After 9/11, the agent’s apprehension was proven to have been entirely justified. One of the four hijacker pilots had indeed trained in Arizona, the other three at Florida flight schools. Two others, already known to the CIA as terrorist suspects, had for a while taken flight training in California. FBI headquarters, however, had virtually ignored the agent’s prescient memo. No effective action was taken or planned.
Another, even more glaring FBI failure occurred just before the attacks, when agents in the Minneapolis field office reported their grave concern about a then-obscure French Moroccan flight student named Zacarias Moussaoui.
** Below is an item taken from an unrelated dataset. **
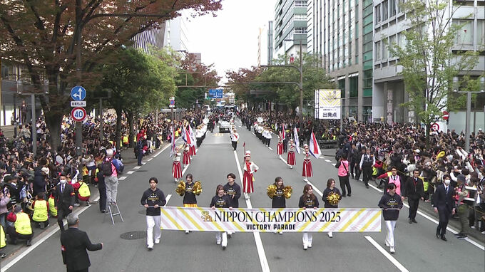 球団によりますと、沿道に集まった観客は去年のパレードより1万人多い29万人で、「日本一」と書かれた旗を振ったり選手の名前を叫んだりしていました。

The flight school at which he was studying had reported that he was behaving suspiciously, and a check with French intelligence revealed that he had links to extremism.
The Minneapolis agents, who wanted clearance to search the suspect’s baggage, were rebuffed time and time again with legalistic objections sent from headquarters. Only on September 11, after the strikes on the Trade Center, was the search warrant approved. Moussaoui is now serving a life sentence for conspiracy to commit acts of terror and air piracy. Evidence found in his belongings and detainee statements would link Moussaoui to two of the most significant of the 9/11 conspirators.
Information that emerged in 2005 suggested that the Defense Intelligence Agency had failed to inform the FBI of intelligence on four of the future hijackers, including their leader, Mohamed Atta, when it was obtained in early 2000. The lead, provided by a U.S. Army officer, and initially supported by several other members of the DIA operation concerned, went nowhere. The Defense Department refused to allow those involved to testify to a Senate committee, and relevant documents have been destroyed. The Bush White House had allegedly been briefed on the matter within weeks of 9/11, as—much later—9/11 Commission staff had been. The episode went unmentioned, however, in the 9/11 Commission Report.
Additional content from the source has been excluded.